> _Input data_
•••••

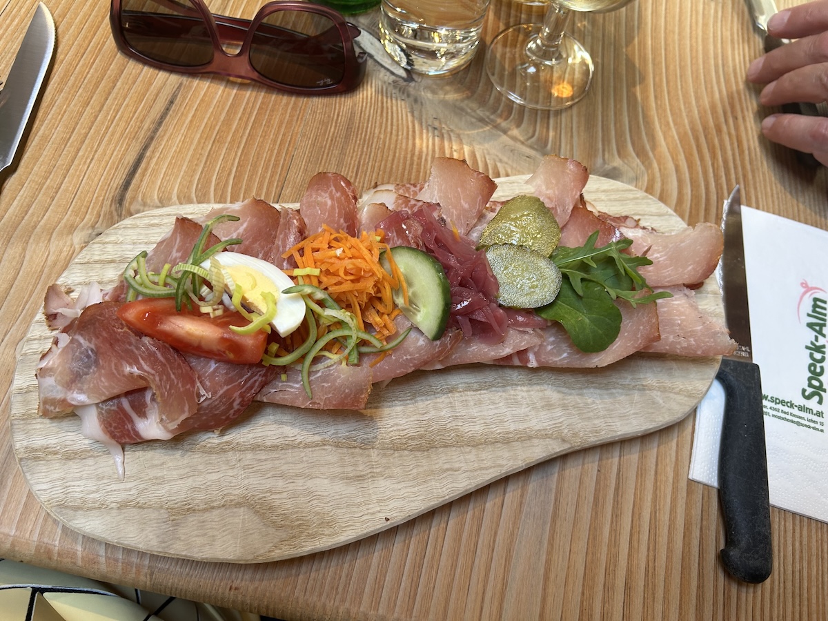 Holzofenbrot und Speck aus der eigenen Bio-Landwirtschaft. Den Genuss wollten wir uns nicht entgehen lassen.
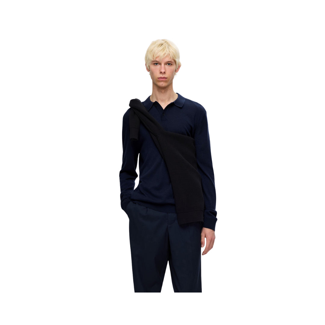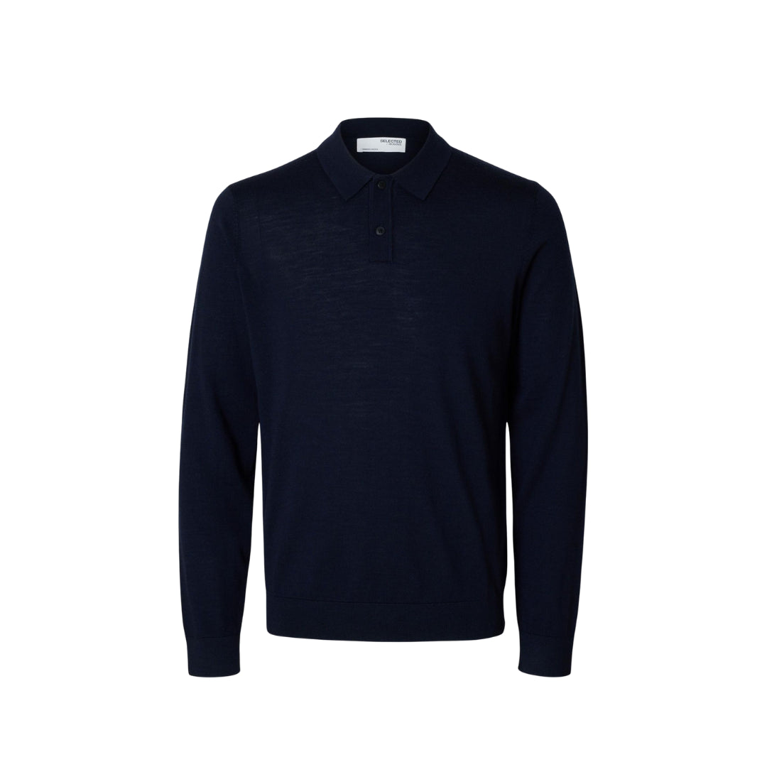 Polo Selected da uomo a maniche lunghe in 100% lana merino, con vestibilità Regular Fit. Morbida, traspirante e confortevole, ideale per un look raffinato e versatile in ogni stagione.
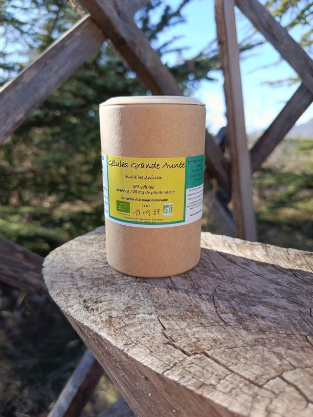 Ingrédients : Gélules d’origine végétale, Poudre de *Grande Aunée (dosée à 249 mg de plante sèche par gélule) *Produit issu de l’agriculture biologique certifié par FR-BIO-01

•••••

> _Exercise instructions_
Your response must consist of the lines from the beginning of the data through the line containing "Polo Selected da", transcribed exactly, with no pictures.

> _Written solution_
 Holzofenbrot und Speck aus der eigenen Bio-Landwirtschaft. Den Genuss wollten wir uns nicht entgehen lassen.
 Polo Selected da uomo a maniche lunghe in 100% lana merino, con vestibilità Regular Fit. Morbida, traspirante e confortevole, ideale per un look raffinato e versatile in ogni stagione.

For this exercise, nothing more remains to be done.